Look for the word "light". Copy every line of the listing where it occurs.

== Data for processing ==
_ _ _

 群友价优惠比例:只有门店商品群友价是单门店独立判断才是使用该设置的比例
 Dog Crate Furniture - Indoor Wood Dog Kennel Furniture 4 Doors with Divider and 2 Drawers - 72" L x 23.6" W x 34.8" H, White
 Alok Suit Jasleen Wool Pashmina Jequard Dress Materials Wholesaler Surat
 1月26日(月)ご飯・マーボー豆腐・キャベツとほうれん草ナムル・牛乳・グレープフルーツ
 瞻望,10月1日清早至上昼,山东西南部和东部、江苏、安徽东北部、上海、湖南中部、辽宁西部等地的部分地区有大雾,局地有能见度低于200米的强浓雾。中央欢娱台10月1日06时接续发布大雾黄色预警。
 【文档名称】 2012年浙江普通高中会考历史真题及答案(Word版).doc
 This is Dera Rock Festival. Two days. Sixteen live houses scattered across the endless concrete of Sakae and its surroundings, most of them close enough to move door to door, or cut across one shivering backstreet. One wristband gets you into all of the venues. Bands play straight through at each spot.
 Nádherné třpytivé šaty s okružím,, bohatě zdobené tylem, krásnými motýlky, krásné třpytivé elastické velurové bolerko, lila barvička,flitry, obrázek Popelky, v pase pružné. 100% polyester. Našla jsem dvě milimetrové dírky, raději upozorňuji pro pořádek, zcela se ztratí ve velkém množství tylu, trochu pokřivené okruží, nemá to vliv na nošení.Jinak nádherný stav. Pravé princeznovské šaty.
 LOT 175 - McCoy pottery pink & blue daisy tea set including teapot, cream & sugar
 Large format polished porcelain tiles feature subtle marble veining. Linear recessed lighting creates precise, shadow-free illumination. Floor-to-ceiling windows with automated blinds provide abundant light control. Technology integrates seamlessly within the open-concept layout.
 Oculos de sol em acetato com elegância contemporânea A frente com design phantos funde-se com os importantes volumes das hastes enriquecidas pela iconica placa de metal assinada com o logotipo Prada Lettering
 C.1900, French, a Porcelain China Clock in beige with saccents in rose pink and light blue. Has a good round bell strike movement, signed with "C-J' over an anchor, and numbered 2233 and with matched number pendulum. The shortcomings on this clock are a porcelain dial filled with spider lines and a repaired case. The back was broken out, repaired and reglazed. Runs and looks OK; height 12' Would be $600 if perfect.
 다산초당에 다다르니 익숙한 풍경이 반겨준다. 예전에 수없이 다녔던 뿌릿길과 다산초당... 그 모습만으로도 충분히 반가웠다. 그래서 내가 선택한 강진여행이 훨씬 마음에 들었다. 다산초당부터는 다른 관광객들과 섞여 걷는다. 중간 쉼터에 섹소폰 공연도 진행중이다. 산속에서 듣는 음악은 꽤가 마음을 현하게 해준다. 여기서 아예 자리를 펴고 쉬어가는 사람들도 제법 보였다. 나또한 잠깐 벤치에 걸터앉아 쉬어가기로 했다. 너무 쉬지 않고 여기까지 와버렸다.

_ _ _

== Task solution ==
 Large format polished porcelain tiles feature subtle marble veining. Linear recessed lighting creates precise, shadow-free illumination. Floor-to-ceiling windows with automated blinds provide abundant light control. Technology integrates seamlessly within the open-concept layout.
 C.1900, French, a Porcelain China Clock in beige with saccents in rose pink and light blue. Has a good round bell strike movement, signed with "C-J' over an anchor, and numbered 2233 and with matched number pendulum. The shortcomings on this clock are a porcelain dial filled with spider lines and a repaired case. The back was broken out, repaired and reglazed. Runs and looks OK; height 12' Would be $600 if perfect.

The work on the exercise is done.